[Records from a dataset]

· · · · · · ·

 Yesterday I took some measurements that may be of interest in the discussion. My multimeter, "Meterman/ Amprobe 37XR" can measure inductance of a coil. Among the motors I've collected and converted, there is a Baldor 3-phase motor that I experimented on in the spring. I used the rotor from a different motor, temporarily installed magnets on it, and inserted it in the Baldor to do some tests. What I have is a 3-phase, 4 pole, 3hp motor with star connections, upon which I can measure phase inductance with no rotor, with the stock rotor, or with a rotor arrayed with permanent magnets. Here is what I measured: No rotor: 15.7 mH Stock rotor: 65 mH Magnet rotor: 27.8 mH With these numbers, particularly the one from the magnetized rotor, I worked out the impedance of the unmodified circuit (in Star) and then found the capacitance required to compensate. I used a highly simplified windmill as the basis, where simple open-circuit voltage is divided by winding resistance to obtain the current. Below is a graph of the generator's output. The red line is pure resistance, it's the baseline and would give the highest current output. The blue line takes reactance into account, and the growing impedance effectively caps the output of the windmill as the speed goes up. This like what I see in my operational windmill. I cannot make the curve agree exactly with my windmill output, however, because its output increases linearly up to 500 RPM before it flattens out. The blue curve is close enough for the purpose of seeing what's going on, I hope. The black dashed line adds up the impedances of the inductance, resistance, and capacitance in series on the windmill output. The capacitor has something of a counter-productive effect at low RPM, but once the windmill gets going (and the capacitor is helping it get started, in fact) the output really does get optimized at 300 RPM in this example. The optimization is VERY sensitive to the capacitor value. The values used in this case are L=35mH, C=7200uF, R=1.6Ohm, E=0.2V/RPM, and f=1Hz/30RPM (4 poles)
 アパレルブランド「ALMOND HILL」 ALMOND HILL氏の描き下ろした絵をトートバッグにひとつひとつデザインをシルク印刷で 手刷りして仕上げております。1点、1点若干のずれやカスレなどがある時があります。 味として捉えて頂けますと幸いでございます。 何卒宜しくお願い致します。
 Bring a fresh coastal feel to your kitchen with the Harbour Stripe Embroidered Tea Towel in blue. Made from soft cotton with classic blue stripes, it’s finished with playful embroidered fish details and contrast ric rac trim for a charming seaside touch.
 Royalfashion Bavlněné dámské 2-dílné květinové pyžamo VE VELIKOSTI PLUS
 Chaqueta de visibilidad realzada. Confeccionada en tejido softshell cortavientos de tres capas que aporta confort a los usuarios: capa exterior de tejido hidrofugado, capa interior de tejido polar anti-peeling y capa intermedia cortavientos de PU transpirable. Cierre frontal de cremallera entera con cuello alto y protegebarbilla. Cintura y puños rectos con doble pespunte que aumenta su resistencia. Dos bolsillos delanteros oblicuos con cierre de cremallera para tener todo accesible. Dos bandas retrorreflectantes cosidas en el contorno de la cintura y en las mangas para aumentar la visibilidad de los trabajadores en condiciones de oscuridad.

· · · · · · ·

> **WHAT IS BEING ASKED**: Your answer should be every entry above, repeated exactly.

> **ANSWER TO THIS TASK**:
 Yesterday I took some measurements that may be of interest in the discussion. My multimeter, "Meterman/ Amprobe 37XR" can measure inductance of a coil. Among the motors I've collected and converted, there is a Baldor 3-phase motor that I experimented on in the spring. I used the rotor from a different motor, temporarily installed magnets on it, and inserted it in the Baldor to do some tests. What I have is a 3-phase, 4 pole, 3hp motor with star connections, upon which I can measure phase inductance with no rotor, with the stock rotor, or with a rotor arrayed with permanent magnets. Here is what I measured: No rotor: 15.7 mH Stock rotor: 65 mH Magnet rotor: 27.8 mH With these numbers, particularly the one from the magnetized rotor, I worked out the impedance of the unmodified circuit (in Star) and then found the capacitance required to compensate. I used a highly simplified windmill as the basis, where simple open-circuit voltage is divided by winding resistance to obtain the current. Below is a graph of the generator's output. The red line is pure resistance, it's the baseline and would give the highest current output. The blue line takes reactance into account, and the growing impedance effectively caps the output of the windmill as the speed goes up. This like what I see in my operational windmill. I cannot make the curve agree exactly with my windmill output, however, because its output increases linearly up to 500 RPM before it flattens out. The blue curve is close enough for the purpose of seeing what's going on, I hope. The black dashed line adds up the impedances of the inductance, resistance, and capacitance in series on the windmill output. The capacitor has something of a counter-productive effect at low RPM, but once the windmill gets going (and the capacitor is helping it get started, in fact) the output really does get optimized at 300 RPM in this example. The optimization is VERY sensitive to the capacitor value. The values used in this case are L=35mH, C=7200uF, R=1.6Ohm, E=0.2V/RPM, and f=1Hz/30RPM (4 poles)
 アパレルブランド「ALMOND HILL」 ALMOND HILL氏の描き下ろした絵をトートバッグにひとつひとつデザインをシルク印刷で 手刷りして仕上げております。1点、1点若干のずれやカスレなどがある時があります。 味として捉えて頂けますと幸いでございます。 何卒宜しくお願い致します。
 Bring a fresh coastal feel to your kitchen with the Harbour Stripe Embroidered Tea Towel in blue. Made from soft cotton with classic blue stripes, it’s finished with playful embroidered fish details and contrast ric rac trim for a charming seaside touch.
 Royalfashion Bavlněné dámské 2-dílné květinové pyžamo VE VELIKOSTI PLUS
 Chaqueta de visibilidad realzada. Confeccionada en tejido softshell cortavientos de tres capas que aporta confort a los usuarios: capa exterior de tejido hidrofugado, capa interior de tejido polar anti-peeling y capa intermedia cortavientos de PU transpirable. Cierre frontal de cremallera entera con cuello alto y protegebarbilla. Cintura y puños rectos con doble pespunte que aumenta su resistencia. Dos bolsillos delanteros oblicuos con cierre de cremallera para tener todo accesible. Dos bandas retrorreflectantes cosidas en el contorno de la cintura y en las mangas para aumentar la visibilidad de los trabajadores en condiciones de oscuridad.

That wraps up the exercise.